Mike Reynolds, the architect who designed the Earthship, quoted in Chris Turner’s exellent ‘The Geography of Hope’.
Yesterday I was out trekking on Bowen Island, which is a small island off the coast of Vancouver. Amazingly beautiful and chilled. Lovely.
The sun was shining, the breeze light, birds singing, huge trees providing shade.
The bountifulness of the environment surrounding me reminded me of something Mike Reynolds (quoted above) said about when he first started making earthships. He was talking about harnessing wind power, solar power, collecting rain falling on the roof, and using thermal mass in the walls to keep the house cool in summer and warm in winter so you don’t need heating or air conditioning.
He said that he realised that, with all this freely available power all around, we are sitting on a goldmine. All we need to do is harness it.
It’s funny how people think of oil and natural gas as being really precious, but ignore the wind and the sun. Building huge coal plants and nuclear plants while ignoring what is right in front of our noses – everything we need is available in our immediate environment. A house needs no power lines going in, no sewage pipes going out. It can regulate its own temperature, provide its own electricity and collect its own water.
Incredible that we are still using that old, dirty, expensive stuff that is owned by a few companies holding the entire world to ransom. People fight wars over it! Astounding!
Anyway, my life in the city is going fine. I am happy. The older I get and the more I move on, the clearer it is to me that one's experience is largely mind-made. Wherever you are, your mind projects itself onto the world and that is fundamentally what you experience. Still, if I was in a war zone, I would move...
Went to a zen group last week which was fun. Lots of meditation and a drink of tea. (Jasmine tea, not proper tea. I like jasmine tea but when someone tells me there’s going to be tea after the sit I’m expecting tea, you know? Anyway, moving on...)
A very cool independent record store (there are so few of them left) has agreed to stock my album. So if you’re in Canada and you want a copy, buy one from me! But if you’d rather get one from a record shop, go to Recat Records.
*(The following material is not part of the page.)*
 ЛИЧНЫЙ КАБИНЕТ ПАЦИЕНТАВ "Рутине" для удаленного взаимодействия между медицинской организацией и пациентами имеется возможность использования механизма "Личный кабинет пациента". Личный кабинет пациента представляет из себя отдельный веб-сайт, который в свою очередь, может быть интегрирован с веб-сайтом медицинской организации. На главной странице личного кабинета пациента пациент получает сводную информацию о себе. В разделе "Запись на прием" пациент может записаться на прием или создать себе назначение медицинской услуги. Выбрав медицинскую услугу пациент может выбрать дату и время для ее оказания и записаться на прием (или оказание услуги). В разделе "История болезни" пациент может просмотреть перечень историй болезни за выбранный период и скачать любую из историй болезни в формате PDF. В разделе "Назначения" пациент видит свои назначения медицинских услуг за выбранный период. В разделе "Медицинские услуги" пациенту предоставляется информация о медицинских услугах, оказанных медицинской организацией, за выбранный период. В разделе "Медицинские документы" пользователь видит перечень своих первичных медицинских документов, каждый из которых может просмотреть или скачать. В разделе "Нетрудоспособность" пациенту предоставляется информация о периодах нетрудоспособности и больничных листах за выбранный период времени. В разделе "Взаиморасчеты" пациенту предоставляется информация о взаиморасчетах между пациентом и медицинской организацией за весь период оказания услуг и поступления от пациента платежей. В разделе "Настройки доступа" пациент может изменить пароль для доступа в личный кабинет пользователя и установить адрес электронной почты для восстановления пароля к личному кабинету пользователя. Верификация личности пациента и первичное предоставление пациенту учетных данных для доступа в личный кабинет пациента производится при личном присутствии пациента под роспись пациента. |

Got a nice email, as I do from time to time, from someone who had read one of my articles and is living off grid. It’s great to hear other people’s stories. One guy sent me an email explaining how to make felt (for yurt lining) out of local sheeps wool. Actually the area where I live in Spain is mostly goats, and I have vegan leanings (though not the strength of will for 100% compliance), so I shall stick with using blankets, but nice to hear anyway. Another guy got in touch who was living in one of those funky yellow American school buses. There are many interesting people in the world, tucked away among the trees, up mountains, and in the remote places of the world.
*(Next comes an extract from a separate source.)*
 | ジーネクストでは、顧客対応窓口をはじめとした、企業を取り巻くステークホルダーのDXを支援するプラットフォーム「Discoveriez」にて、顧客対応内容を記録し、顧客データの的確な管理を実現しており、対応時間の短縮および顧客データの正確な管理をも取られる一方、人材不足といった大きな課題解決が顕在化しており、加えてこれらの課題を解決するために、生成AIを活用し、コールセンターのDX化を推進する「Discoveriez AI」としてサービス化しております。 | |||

I am very behind on emails but do enjoy hearing from people and do get back eventually, so feel free to drop me a line and share your story.
The other interesting news is I have decided to include a book with the next album. It will be about my time on the mountain, where most of the songs were written. Working title for the album is ‘Wild’, though I do tend to change my mind on these things. I originally thought of ‘Wild ‘Un; Or, Life in the Yurt’ might be good, but I have a tendency to turn everything into a joke and ruin the vibe, so, probably will just leave that as a private chuckle between us.
Hasta luego
Padma
PS The pics were ones I took yesterday of and on Bowen Island. Nice huh.